There’s silence for a moment, and Fleur wondered if Thread had fallen asleep, even though she knew logically that he wouldn’t.
"People give enough of themselves," he finally said. "It’s when they don’t realize they’re being taken advantage of that’s their downfall."
Fleur gave more of a head jerk than a nod in response, neck aching. No one had asked her to do what she did. She wasn’t being taken advantage of, although she still found herself doing the thankless task of taking "be willing to die for the family" literally. Her envy was her downfall.

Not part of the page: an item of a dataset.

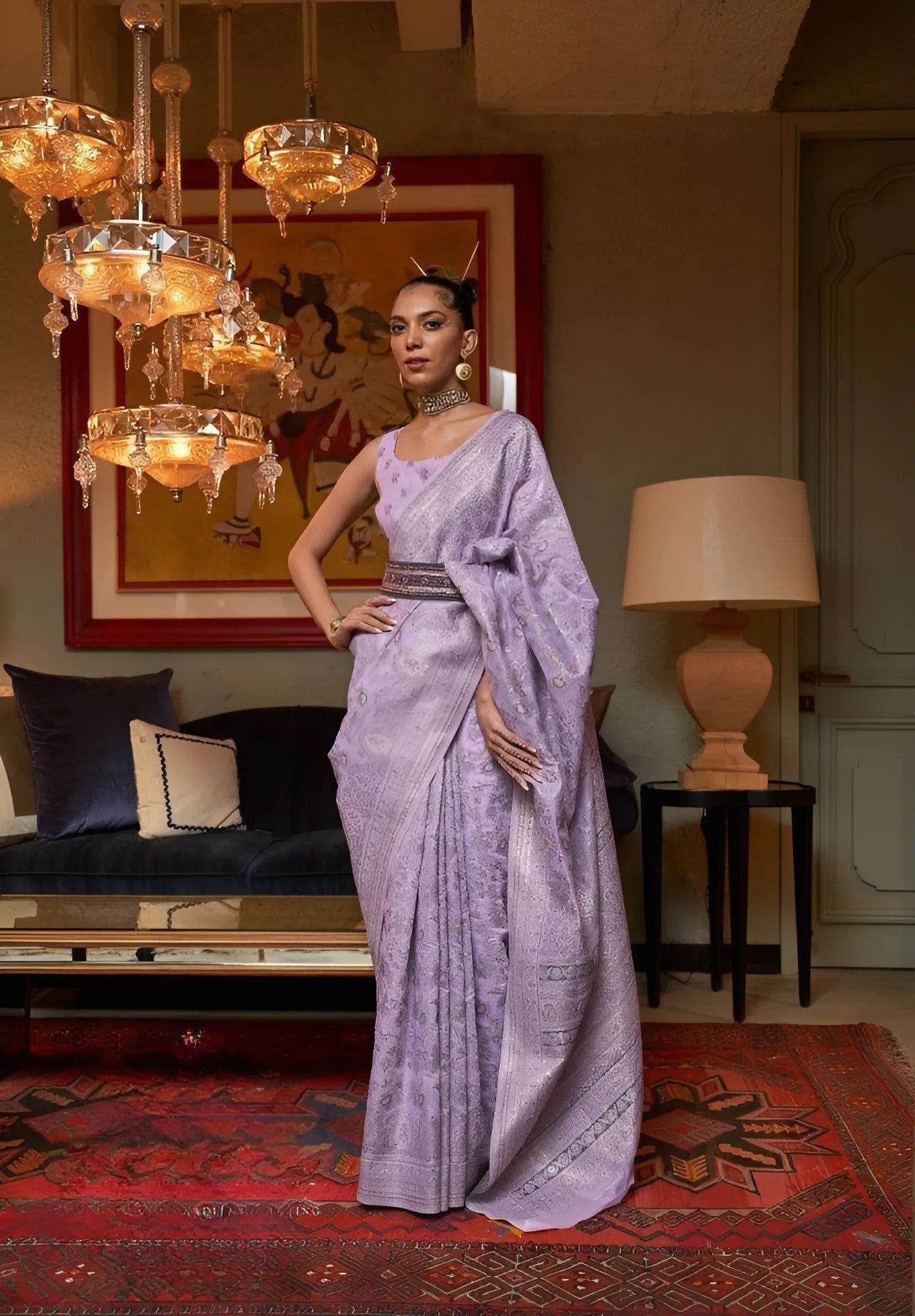 EKKTARA Saree For Women Lavender Colour Kashmiri Handloom Weaving Saree With Unstitched Blouse

"What would yours be?" she asked. "Your downfall?"
"Wanting to prove to anyone that I am not my brother," Thread responded, and Fleur slowly swiveled her upper body to look at him. A weight to carry, indeed.
He tacked on something else about not wanting to be a monster, and Fleur found she was able to volunteer the whole truth this time. "For what it’s worth, I don’t think you are one."
He smiled, and her cheeks stretched into what felt like one. "Thanks. Has the antidote kicked in yet."
"Think so," Fleur breathed, allowing her body to relax back into the rescue position. "My legs still feel like jelly, but I’m not dead so I consider that a net positive."
"We both survived. That’s all that matters. Right?"
"Right. That’s all we can do."
Thread volunteered to take first watch, and Fleur viewed it as a blessing. No point in being afraid of dying in her sleep when Thread could easily overtake her while she was awake and recovering from being poisoned by a literal flower. "Maybe I can sleep off the wooziness."
What Fleur wouldn’t be able to forget about in the morning, though, was her own deep selfishness.